Yeah. The stores here are cleaned out (and WERE cleaned out a week and a half before Halloween even hit). I went back to the party store, thinking that even if things aren't on sale, I'll price a couple of items I may want for next year. BUT they blocked off access to all their Halloween stuff in the store, apparently putting it all away to make room for Christmas.

OH And Happy Birthday Creepy Canmore!


----------



## CreepyCanmore (Mar 27, 2007)

Awww, thanks Ghoul Friday. I spent my birthday packing away my new and old stuff....sigh....I'll have to keep some out just to get my fix every once in a while.


----------



## Fright Zone (Sep 28, 2006)

Target Nov 2, 2007. (1) 50% off Plastic life sized skull, (1) Smoking Cauldron with mini Mister a nice mat, fogger stand and deflector, and the last box of (1) Bat-A-Bing Bat-A-Boom talking joke bats. The test function gets screwy but it did that in the store at the beginning of the season when I played with one in the box. I hope putting batteries in them alleviates the problem. But they're still fun even if one bat says one thing and the other replies with the wrong set-up and talks over the top of the other one at the same time :googly:


----------



## Revenant (Mar 17, 2007)

Took both foggers back... one of them had a dead pump, the other was just weak as a newborn kitten and had terrible output. So I bought a couple more of those metallic skulls and called it a season.

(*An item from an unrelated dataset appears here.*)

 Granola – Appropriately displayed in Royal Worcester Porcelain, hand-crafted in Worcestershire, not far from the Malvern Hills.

Not a good pic but I don't have a real camera anymore.

2 blacklights @ $6.50, 2 big metallic skulls @ 4.50, 7 little metallic skulls @ $2, and a quart of fog juice @ 2.50. Which makes... um... $38.50 I think. The foggers were only 10 bucks a pop but not much of a bargain if they don't work, and I guess they could be fixed but I don't feel like buying any projects right now.

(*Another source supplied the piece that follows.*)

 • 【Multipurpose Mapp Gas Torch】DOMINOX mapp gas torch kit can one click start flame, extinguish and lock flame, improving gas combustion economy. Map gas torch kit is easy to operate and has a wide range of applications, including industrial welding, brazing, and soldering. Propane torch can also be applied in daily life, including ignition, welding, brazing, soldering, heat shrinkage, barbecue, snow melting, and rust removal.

I love those little skulls. They're cast resin and pretty heavy; with the paint job I thought they were real metal until I read the label. I thought of Lilly when I saw them... they look sort of biker Halloweenish doncha think?  I'm going to pick up my niece tomorrow, I'll check to see if she has a Target near her and see if they have any more, I'd love to have a whole bunch of them. Dunno why. They just look so cool all lined up! :xbones: :xbones: :xbones:


----------



## hauntedyard (Oct 9, 2005)

I got a few more headstones and some figures, other than that not much around here.
I never figured out why people rush to get less than 50% off when you know it will hit 50 or more % off after the holiday. People grab things at 20% off gezzz wait a tad longer.
Most larger stores around here seem to store the larger items instead of reducing them

Tim


----------



## halloween71 (Aug 9, 2007)

Spirit online 10-30 I got the latex demon-donna the dead yard glow thing-porch light cover-2 scary tree faces-eye lights for 97.83
I have coming from buyinflatables.com the hearse and donna the dead skinny version ( to stand beside the hearse) both 50% off.
I also bought from walmart online but nothing on sale.


----------



## Fright Zone (Sep 28, 2006)

Meijer Nov 3, 2007 50% off. Adult Skelebones complete costume (I think that one's "out of print"), Michael Meyers costume (cheesy and I have a real jumpsuit but had to add this to the collection at that price), and a medium sized skull the kind I used to prop up a cauldron last year. and an 18 gal Sterlite container orange with black lid.


----------



## crossblades400 (Oct 30, 2007)

As some of you guys know, I got some early 2008 prop shopping done.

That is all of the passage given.